Wednesday, 15 February 2017

Flesh


I managed to get over to York Art Gallery this week to catch the wonderful ‘Flesh’ exhibition. It is open until the 19th of March and any of you with an interest in making images and marks on a flat surface that could be regarded as a skin would find this a fascinating exhibition.

There is an interesting distinction between the way we use the words ‘flesh’ and ‘skin’. ‘Flesh’ suggests that thickness and substance that is better suggested by paint, and ‘skin’ the thinness and surface quality that has a much closer affinity to drawing. The exhibition focuses more on painting than drawing, but there is enough work in the exhibition to begin to open out a whole range of thoughts about how both painting and drawing use the surface of the body to operate as metaphors for mortality.

I have posted on the relationship between drawing and skin in the past, see.

There are several artists in this exhibition that I would pick out as being good research starting points in terms of drawing and mortality.  Berlinde de Bruyckere’s work can feel almost medieval in its sensitivity to death and mortality, but it is made contemporary by her sensitivity to her materials and her eye for an image.  Her drawings in pencil or charcoal often have small areas tinted in red or violet and by keeping the colour to restricted patches she seems more able to suggest the chilling atmosphere of the charnel house.




Berlinde de Bruyckere

The Hanabusa Itcho images of the death of a noble lady were a very powerful sequence and reminded me that small delicate images can sometimes be much more powerful than large bombastic images trying to work too hard to impress the viewer. These images work as a sequence, each image framed as an image in its own right, but when displayed together they tell the whole story. As an artist very interested in narrative I was intrigued to see how this idea was developed long before the arrival of the comic strip.

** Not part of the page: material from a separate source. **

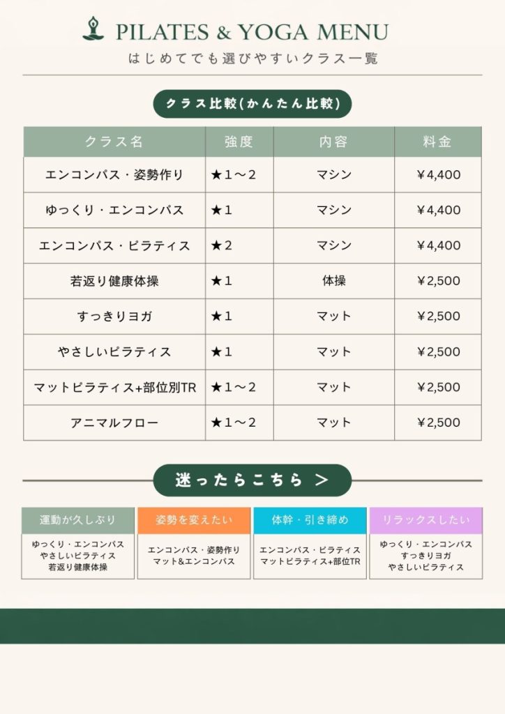 ✰初めてで不安な方は『ゆっくりエンコンパス』・『マットピラティス・ヨガ』がおススメです!!

Hanabusa Itcho: First image in a series of 9

There were examples of tattoos still kept on their preserved skins, a concept that is on the one hand rather morbid and yet on the other hand a powerful reminder of the significance of all the surfaces and supports that we find drawings made upon. We so rarely comment on the type of paper supporting drawings, tending to talk more about the image or the materials used in the drawing, but when you make the support so emotionally powerful, the relative importance of support to image swaps places. Edward Lipski's drawings on pig hide, shaped into an oversize human torso is a work that clearly illustrates this point.  

Edward Lipski

Two images from Jonathan Yeo’s Surgery Series including his Secondary Augmentation-Mastopexy, are on display. In the Mastopexy painting we have a range of issues moving backwards and forwards between drawing and painting. The painting depicts a drawing drawn on a woman’s body to help surgeons in locating where they need to cut into the body in order to perform an operation. However the painting is not worked right up to the edges of the canvas, therefore the under-drawing is not covered and is clearly seen. The underlying drawn grid is in evidence and reminds us of the relationship between the grid and how artists both use it as a measuring device and as a method of copying and transferring images. We are reminded of a much earlier Renaissance idea of the relationship between drawing and painting, that is that drawing was regarded as the unifying practice of all the visual arts, disegno in Italian meaning both “drawing” and “design”. Of course the Renaissance also found artists for the first time becoming interested in anatomy and for centuries afterwards anatomy was going to be a central component of an artist’s education, Yeo’s painting therefore asks questions that combine both historical and contemporary reflections on the body as a site for both medical and artistic attention.

Jonathan Yeo

These reflections just touch the surface of what is a very powerful exhibition, which also features works by Lucian Freud, Auguste Rodin, Helen Chadwick, Jenny Saville, Leon Kossoff, Francis Bacon and Sarah Lucas as well as featuring Sam Taylor-Johnson's 'A Little Death' which is a very powerful film commenting on the nature of still-life painting. 

Find more about the exhibition here.

N.b. There is an entrance fee of £7, so be prepared for this.